An effort to clarify the rules regarding who’s a worker and who’s an independent contractor will be taken up by the Legislature this session. And in early January, Lincoln was appointed deputy commissioner of Forests, Parks and Recreation by Vermont Governor Phil Scott. We’ll see if the appointment gives his efforts for reform a boost.

For a glimpse at a future without reform, Vermonters can look to the struggles that loggers have endured in Massachusetts, another state with a logging workforce that’s too small to make a high-risk pool financially tenable. Greg Cox, program director for the Massachusetts Forest Alliance, worked on the issue in the 1990s and saw the effects first-hand.

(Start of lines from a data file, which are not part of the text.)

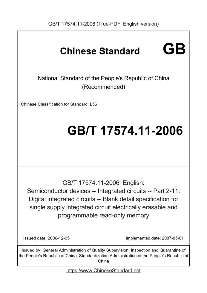 Delivery: <= 3 days. True-PDF full-copy in English will be manually translated and delivered via email. GB/T 17574.11-2006: Semiconductor devices -- Integrated circuits -- Part 2-11: Digital integrated circuits -- Blank detail specification for single supply integrated circuit electrically erasable and programmable read-only memory Status: Valid
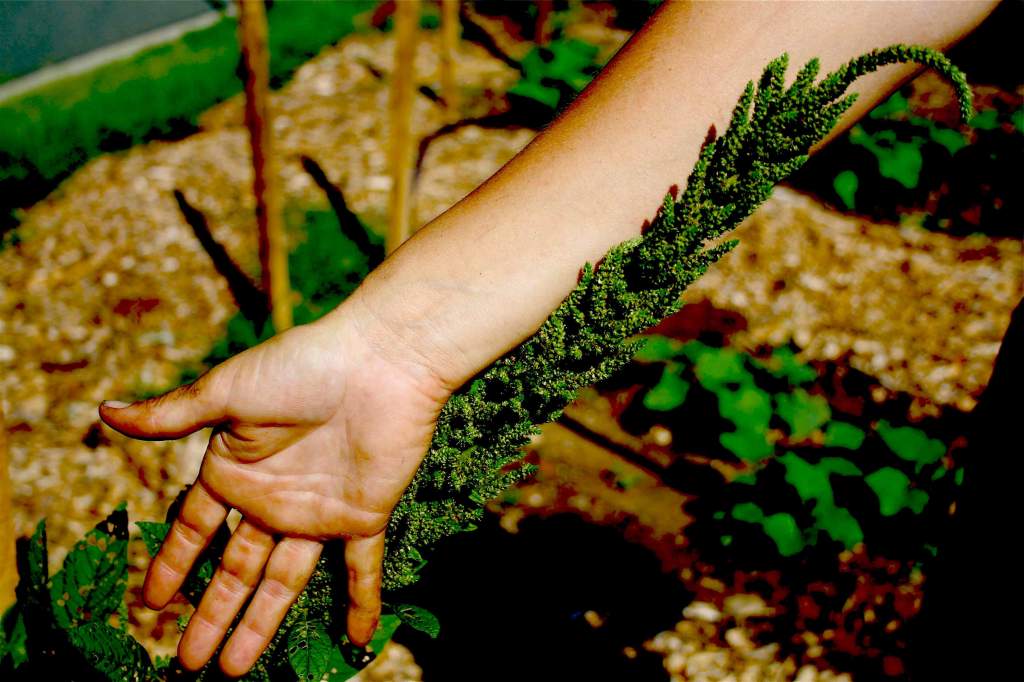 We’ve allowed this Amaranth plant to mature – so far – in the Lewis Ginter Community Kitchen Garden, adjacent to the cucumber patch. We wanted to determine exactly which variety we had – a “grain” amaranth or just the “weedy” variety.
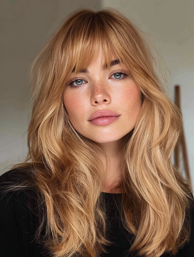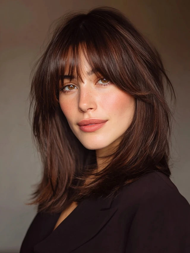 They draw attention to eyes and cheekbones while requiring minimal effort. You can part the bangs in the middle or sweep to the side. This style suits casual, professional, and semi-formal occasions while keeping styling fuss-free.
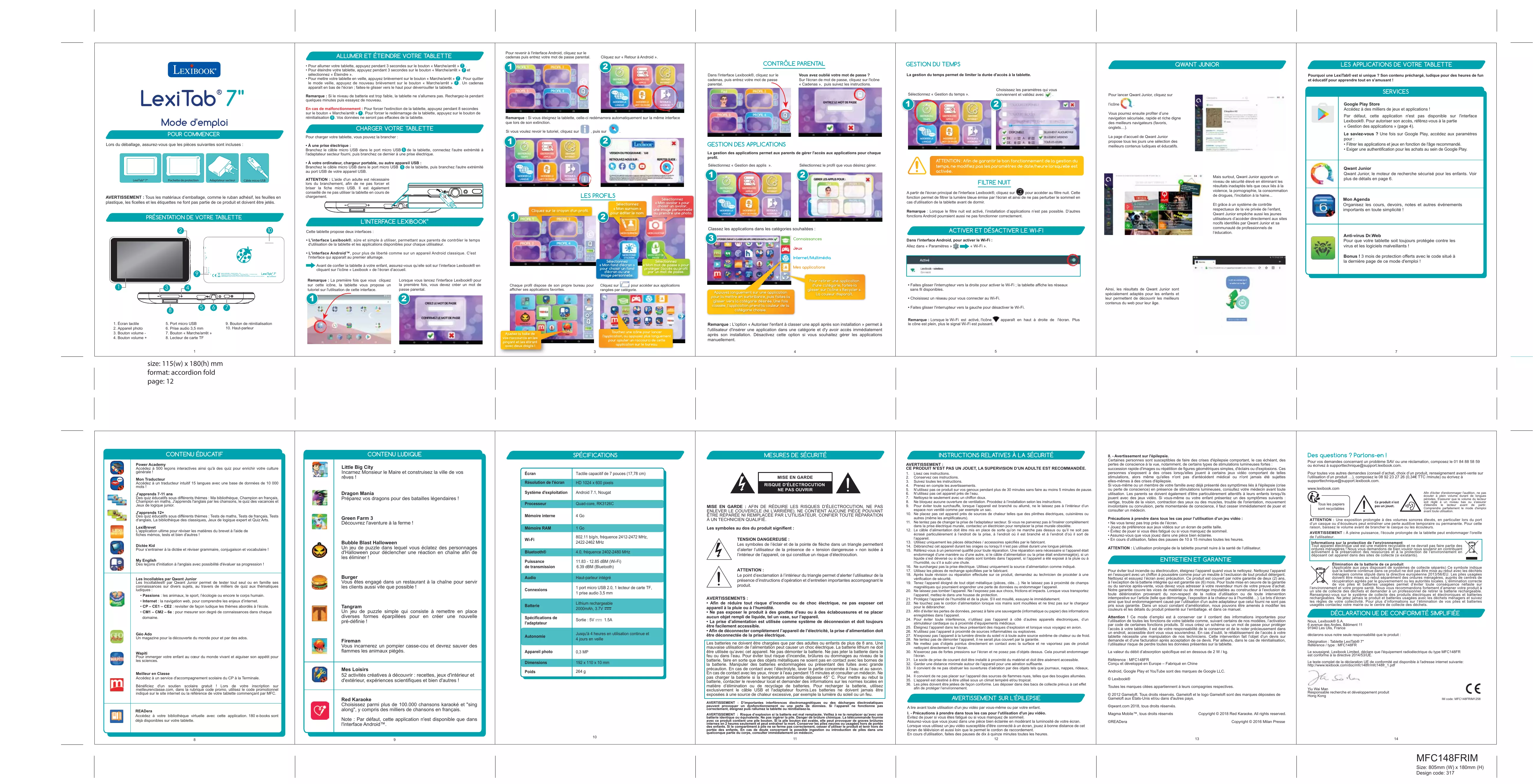 de l'utilisateur. Informations sur la protection de l’environnement Tout appareil électrique usé est une matière recyclable et ne devrait pas faire partie des ordures ménagères ! Nous vous demandons de bien vouloir nous soutenir en contribuant activement à la préservation des ressources et à la protection de l’environnement en déposant cet appareil dans des sites de collecte (si existants). Élimination de la batterie de ce produit (Applicable aux pays disposant de systèmes de collecte séparés) Ce symbole indique que la batterie contenue dans ce produit ne doit pas être mise au rebut avec les déchets ménagers comme stipulé dans la directive européenne 2013/56/EU. Les piles usagées doivent être mises au rebut séparément des ordures ménagères, auprès de centres de récupération agréés par le gouvernement ou les autorités locales. L’élimination correcte de vos piles et batteries usagées permet d’éviter toute conséquence néfaste sur l’environnement et votre propre santé. Nous vous recommandons fortement d’amener votre produit à un site de collecte des déchets et demander à un professionnel de retirer la batterie rechargeable. Renseignez-vous sur le système de collecte des produits électriques et électroniques et batteries rechargeables. Ne jetez jamais le produit et batteries usagées avec les déchets ménagers et suivez les règles de votre collectivité. Pour plus d’informations sur l’élimination de vos piles et batteries usagées contactez votre mairie ou le centre de collecte des déchets. DÉCLARATION UE DE CONFORMITÉ SIMPLIFIÉE Nous, Lexibook® S.A. 6 avenue des Andes, Bâtiment 11 91940 Les Ulis, France déclarons sous notre seule responsabilité que le produit : Désignation : Tablette LexiTab® 7'' Référence / type : MFC148FR Le soussigné, Lexibook Limited, déclare que l'équipement radioélectrique du type MFC148FR est conforme à la directive 2014/53/UE. La valeur du débit d’absorption spécifique est en dessous de 2 W / kg. Référence : MFC148FR Conçu et développé en Europe – Fabriqué en Chine Le texte complet de la déclaration UE de conformité est disponible à l'adresse internet suivante: http://www.lexibook.com/doc/mfc148fr/mfc148fr_1.pdf Android, Google Play et YouTube sont des marques de Google LLC. © Lexibook® Toutes les marques citées appartiennent à leurs compagnies respectives. © 2012 Gameloft. Tous droits réservés. Gameloft et le logo Gameloft sont des marques déposées de Gameloft aux États-Unis et/ou dans d'autres pays. Yiu Wai Man Responsable recherche et développement produit Hong Kong IM code: MFC148FRIM1258 ©qwant.com 2018, tous droits réservés. Magma Mobile™, tous droits réservés Copyright © 2018 Red Karaoke. All rights reserved. ©READera Copyright © 2016 Milan Presse

“If the pool is big enough and claims are few, insurance works out OK,” said Cox. “But small pools with high rates will force employers to either eliminate employees or to organize to become exempt. Most logging operators in Massachusetts are now family-owned enterprises without outside employees, in part due to the workmen’s comp and independent contractor rules.” This limits growth in an industry that’s already in sharp decline.

Discussion *

Aug 24, 2017

So what is it that keeps us from forming a multi-state pool? I would think that a larger pool would also help states that already have their own.